- Born: Ruth Elizabeth Dodsworth 21 May 1975 (age 50) Worthing, West Sussex, England
- Education: Cardiff University
- Occupations: Broadcaster, Journalist, Weather presenter
- Years active: 1994–present
- Notable credit: ITV Cymru Wales
- Children: 2

= Ruth Dodsworth =

British broadcaster, journalist and weather presenter

Ruth Elizabeth Dodsworth, OBE (born 21 May 1975) is a British broadcaster, journalist and weather presenter, best known for her work at ITV Cymru Wales.

==Career==

Dodsworth began her career in radio, working as a researcher for BBC Radio Wales in the mid 1990s.

She joined ITV Cymru Wales (previously HTV Wales) in June 1996, training as a news reporter and presenter. She switched roles to become a weather presenter in 2000.

She has also presented a wide range of local programmes for ITV Cymru Wales, including The Ferret, Grassroots, coverage of the Royal Welsh Show and the Llangollen International Eisteddfod, Wales This Week, A Little Piece of Paradise and the BAFTA-nominated Coast and Country.

Dodsworth is also a relief weather presenter for ITV's English regions, including London and Central, and for ITV National Weather.

In September 2015, Dodsworth joined regional radio station Nation Radio as co-presenter of the station's breakfast show, The Big Welsh Wake Up, alongside Niall Foster.

In November 2016, she began co-presenting a weekday breakfast show for Nation's five local radio stations in south and west Wales – Radio Pembrokeshire, Radio Carmarthenshire, Radio Ceredigion, Swansea Bay Radio and 106.3 Bridge FM. Dodsworth left Nation the following year.

On 5 May 2022, Dodsworth presented the factual documentary Controlled By My Partner? The Hidden Abuse for ITV's peak-time current affairs programme Tonight.

On 1 December 2022, Dodsworth made her debut as a guest weather presenter for Good Morning Britain on ITV Breakfast.

==Personal life==

Born in Worthing, West Sussex, Dodsworth graduated from university with a degree in communications, before studying postgraduate journalism at Cardiff University through an ITV-sponsored course.

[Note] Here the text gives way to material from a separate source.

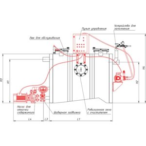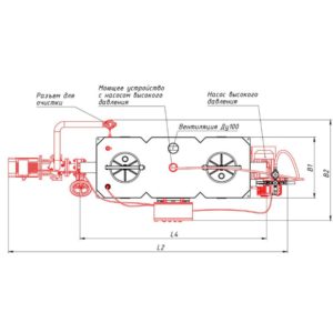 - Подключение к электросети 400 В/ 50 Гц/40 A/2,8 кВт. – для насоса откачки
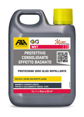 FILAWET è un protettivo a effetto bagnato per pavimenti in pietra naturale, marmo, granito, pietre locali, travertino, a finitura grezza.

In August 2002, she married businessman Jonathan Wignall, who ran the Escape nightclub in Swansea and an annual dance music festival in the city. They met at the 'Escape into the Park' festival during filming of Dodsworth's HTV Wales series, The Night Before the Morning After, in 2001. Following a miscarriage, the couple had two children before moving from Swansea to Cowbridge in the Vale of Glamorgan in 2010.

Dodsworth left Wignall in October 2019, after he called her over 150 times in a single day, and threatened to take his own life as well as controlling her daily life. The following day, he was arrested on suspicion of harassment. Following his arrest, it later emerged Wignall had planted a tracker device on Dodsworth's car, linked to an app and a laptop computer.

In March 2021, Wignall admitted a charge of coercive and controlling behaviour and stalking against Dodsworth over a nine-year period. Cardiff Crown Court heard Dodsworth had been left "frightened and broken" by his "verbally abusive and physically violent" behaviour. On one occasion, she was pushed by Wignall in front of family members, causing a fractured rib.

He was jailed for three years for coercive and controlling behaviour and 9 months to run concurrently for stalking, and also given a lifetime restraining order against contacting Dodsworth or their children and banned from attending her place of work.

On 19 May 2026, in an interview with Emma Barnett, she described how Wignall controlled her money and he left her "absolutely penniless" and in debt.

==Charity work==

Dodsworth is an ambassador for Cancer Research Wales.

She also took part in a charity trek across the Sahara desert in early 2016.